= SOURCE MATERIAL =
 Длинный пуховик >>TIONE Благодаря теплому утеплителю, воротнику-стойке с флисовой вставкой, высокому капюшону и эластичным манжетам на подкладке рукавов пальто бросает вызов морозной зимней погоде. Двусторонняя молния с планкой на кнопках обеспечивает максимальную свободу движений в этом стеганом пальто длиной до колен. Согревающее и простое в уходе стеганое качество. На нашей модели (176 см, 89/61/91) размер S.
...
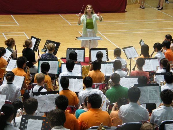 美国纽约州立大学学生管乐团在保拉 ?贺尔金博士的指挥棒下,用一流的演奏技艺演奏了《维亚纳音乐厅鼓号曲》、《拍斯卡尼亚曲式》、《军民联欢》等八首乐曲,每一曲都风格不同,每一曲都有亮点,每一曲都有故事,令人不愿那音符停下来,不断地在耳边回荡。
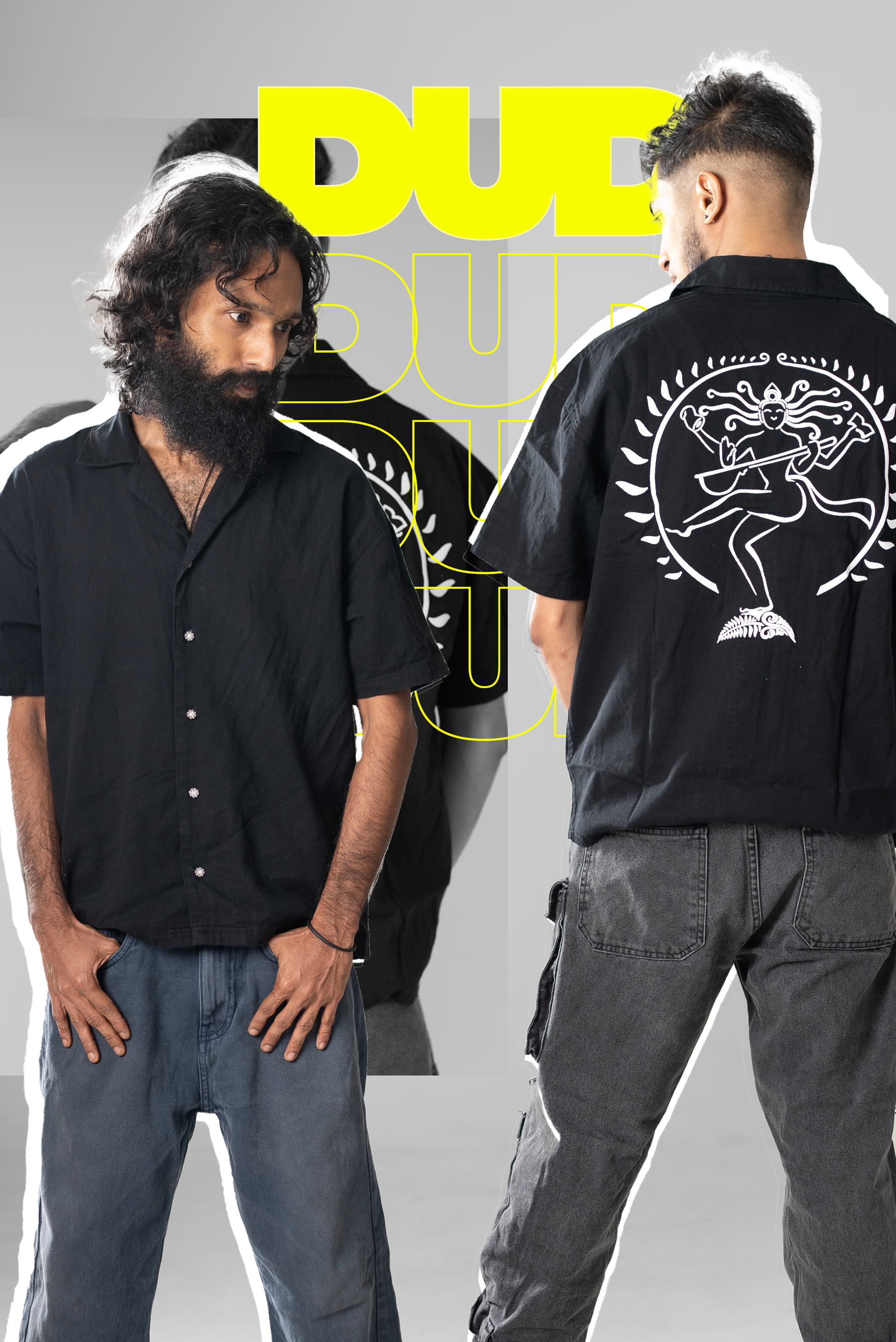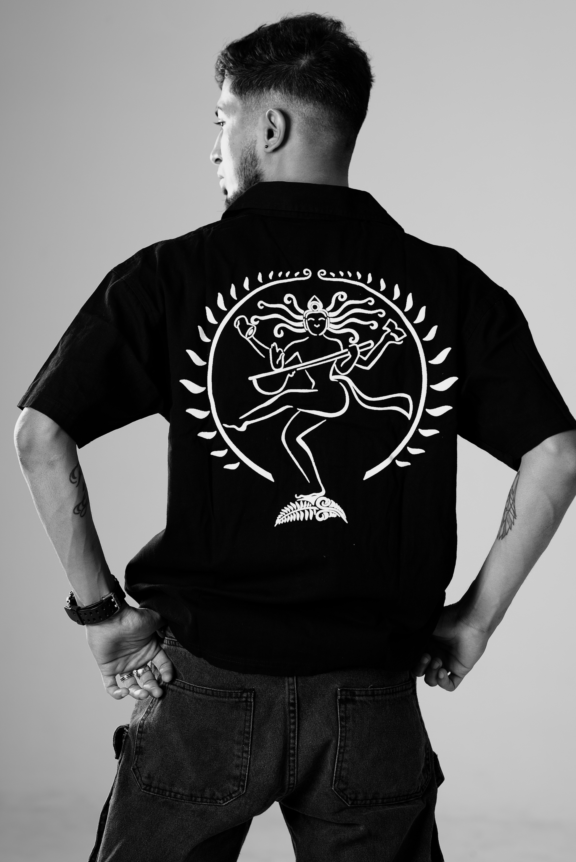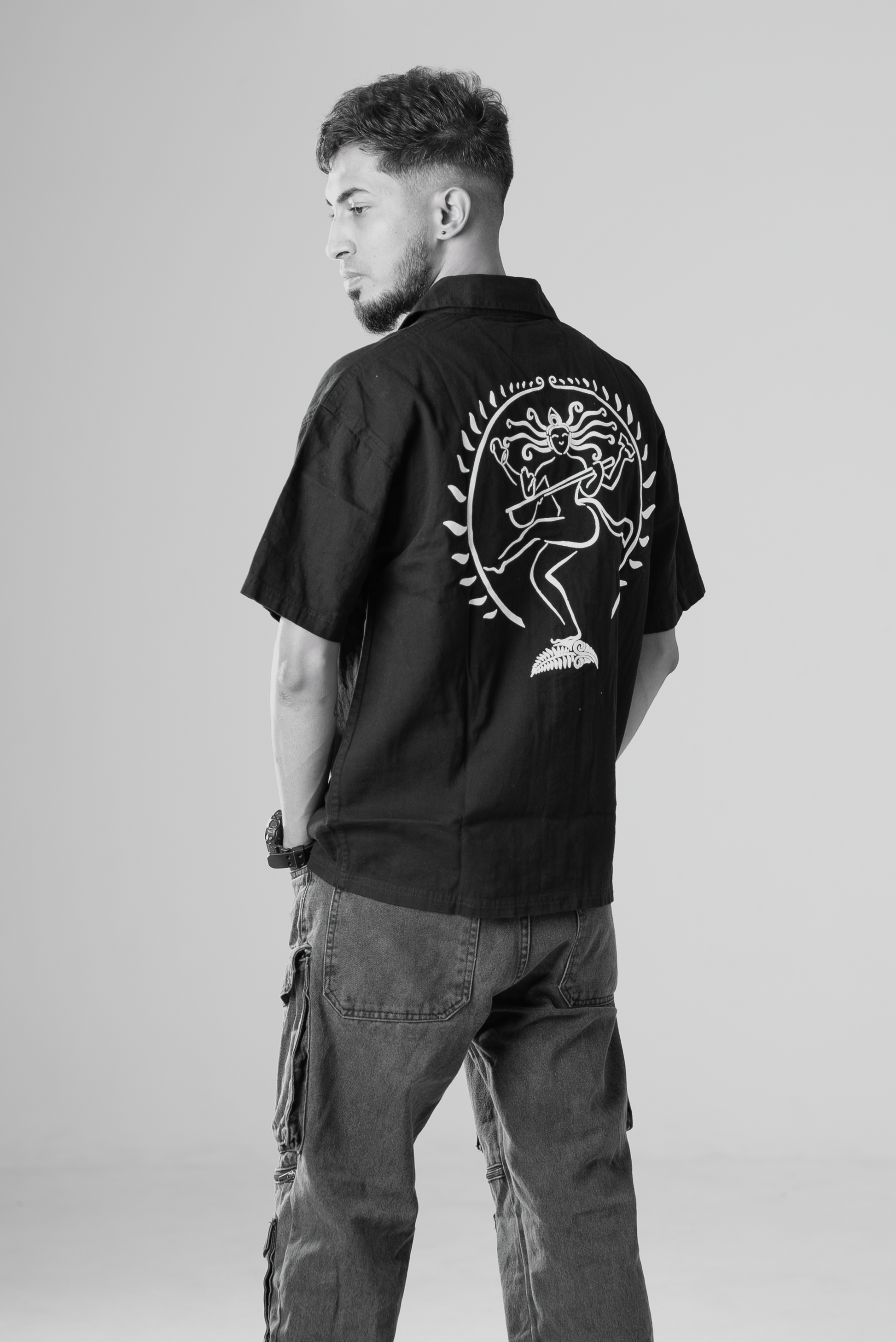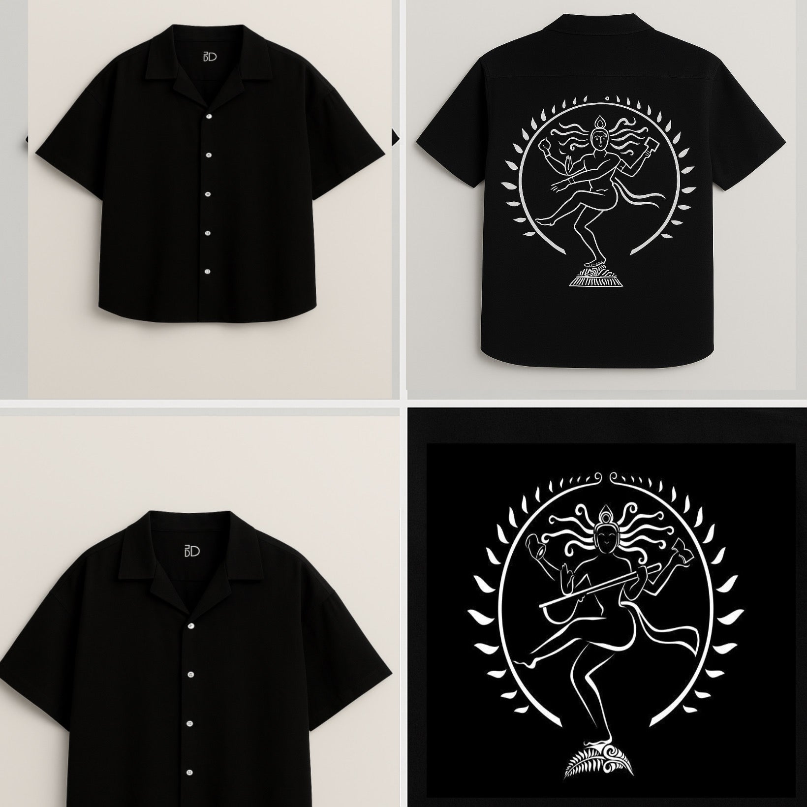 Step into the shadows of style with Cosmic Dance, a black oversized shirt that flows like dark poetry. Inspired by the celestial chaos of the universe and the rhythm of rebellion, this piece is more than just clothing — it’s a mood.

= TASK DIRECTIONS =
The lines to reproduce run from the one above containing "美国纽约州立大学学生管乐团在" through the one containing "Step into the". Copy them exactly and leave out all pictures.

= EXERCISE ANSWER =
 美国纽约州立大学学生管乐团在保拉 ?贺尔金博士的指挥棒下,用一流的演奏技艺演奏了《维亚纳音乐厅鼓号曲》、《拍斯卡尼亚曲式》、《军民联欢》等八首乐曲,每一曲都风格不同,每一曲都有亮点,每一曲都有故事,令人不愿那音符停下来,不断地在耳边回荡。
 Step into the shadows of style with Cosmic Dance, a black oversized shirt that flows like dark poetry. Inspired by the celestial chaos of the universe and the rhythm of rebellion, this piece is more than just clothing — it’s a mood.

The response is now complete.